Work to complete:
Look below for the line with "澤入奏太さんの総運は32画の5点!". Retype it and every line after it to the end, exactly, but leave out the pictures.

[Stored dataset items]
══════════════════════════════

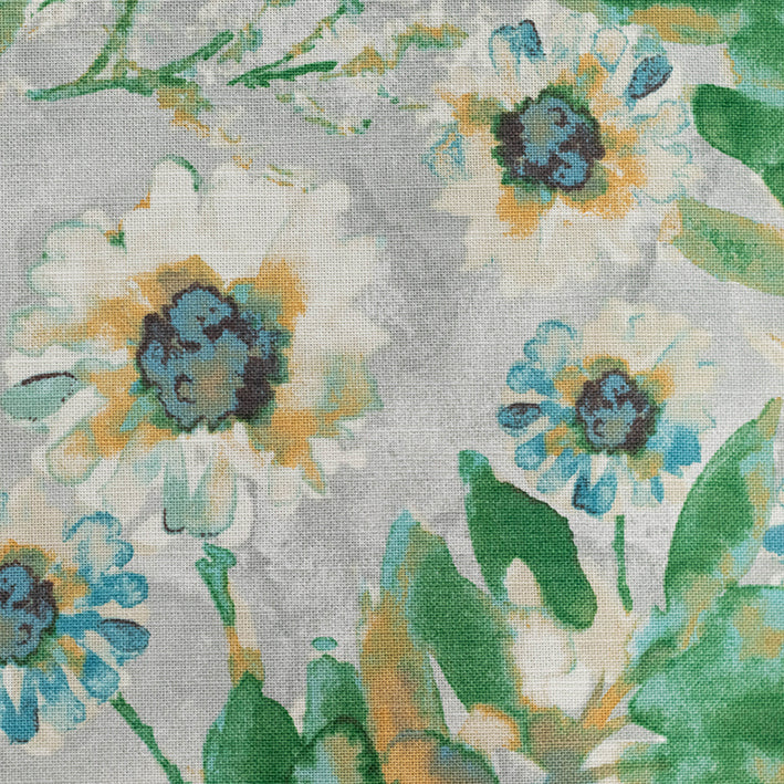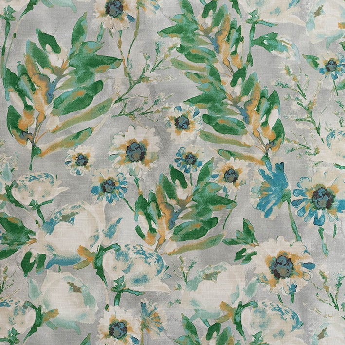 Soft dove grey, green and blue roses, daisies make up this gentle watercolour print.
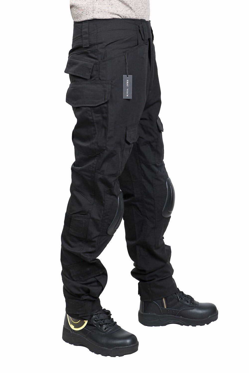【在庫処分】サバゲー BDU 迷彩服 戦闘服 自衛隊 ズボン 日本人サイズ 二ーパッド ニーパッド付き (XL, 黒)
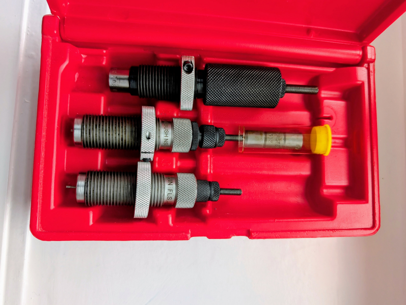 Sie bieten auf einen Forster Benchrest Matrizen Satz inkl. einer Bushing Bump Neck Sizing Matrize mit 3 gängigen Bushings.
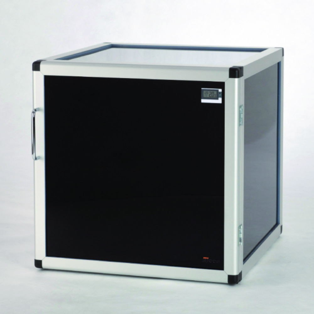 Black, non-transparent acrylic glass panels reduce light incidence and protect against ultraviolet radiation. Including two shelves made of stainless steel, tray and hygrometer, usable with up to 8 shelves.
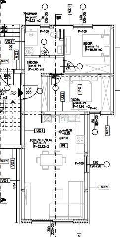 Pripadak stanu S2 je terasa površine 18m2x0,20=3,60m2 te dvorište 35,90x0,10=3,59m2 što daje ukupnu površinu od 77,54m2.
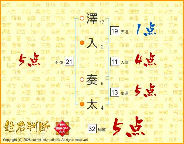 澤入奏太さんの総運は32画の5点!
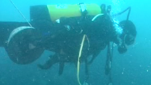 Surnommée "le raplapla" cette épave fortement détruite et n'affleurant qu'à peine du fond n'est pas facile à localisée.
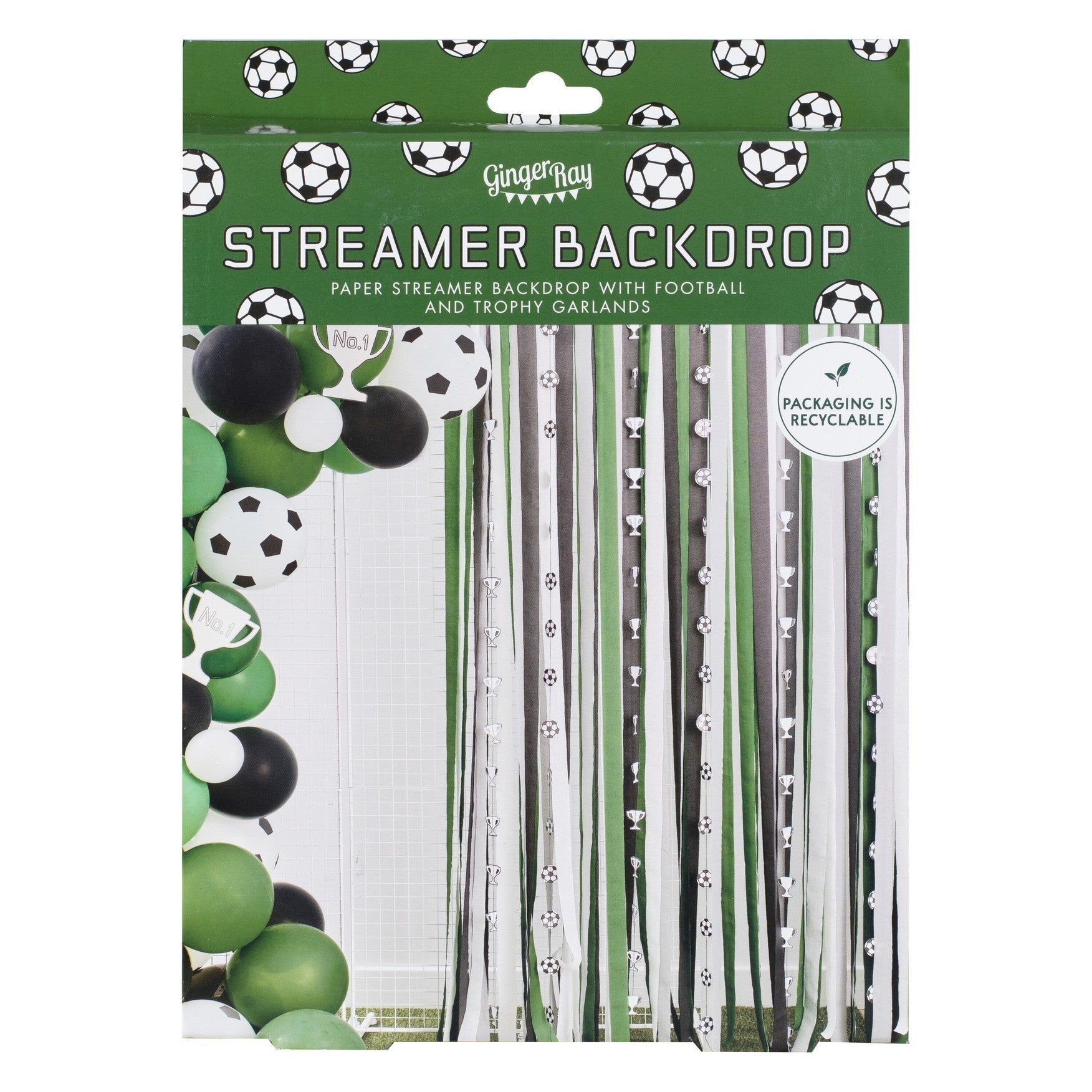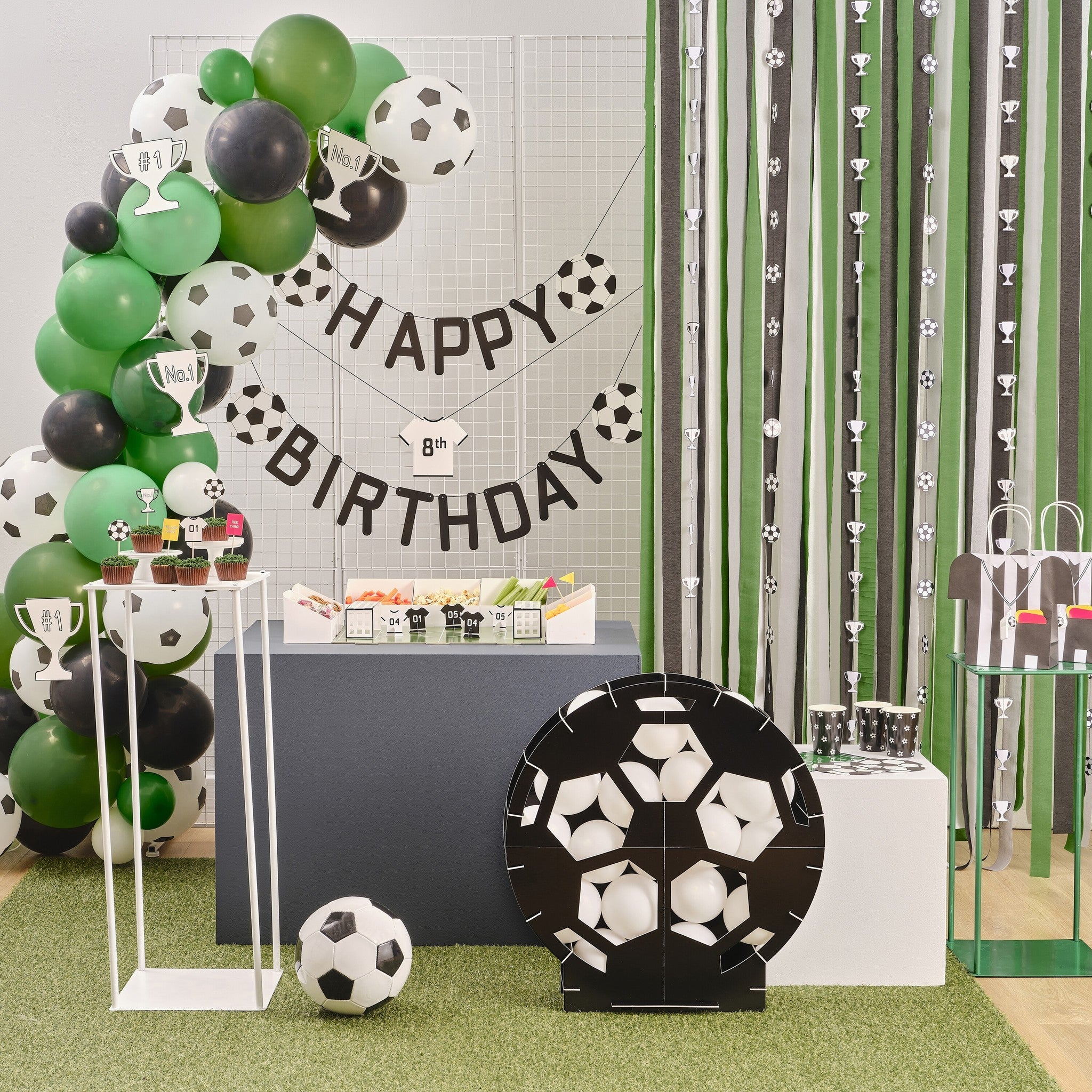 Match deze feest achtergrond met voetbal feest decoraties uit onze nieuwe 'Kick off the Party' assortiment met ballonnen, servies, gors, accessoires en nog veel meer!

══════════════════════════════

Solution to the problem:
 澤入奏太さんの総運は32画の5点!
 Surnommée "le raplapla" cette épave fortement détruite et n'affleurant qu'à peine du fond n'est pas facile à localisée.
 Match deze feest achtergrond met voetbal feest decoraties uit onze nieuwe 'Kick off the Party' assortiment met ballonnen, servies, gors, accessoires en nog veel meer!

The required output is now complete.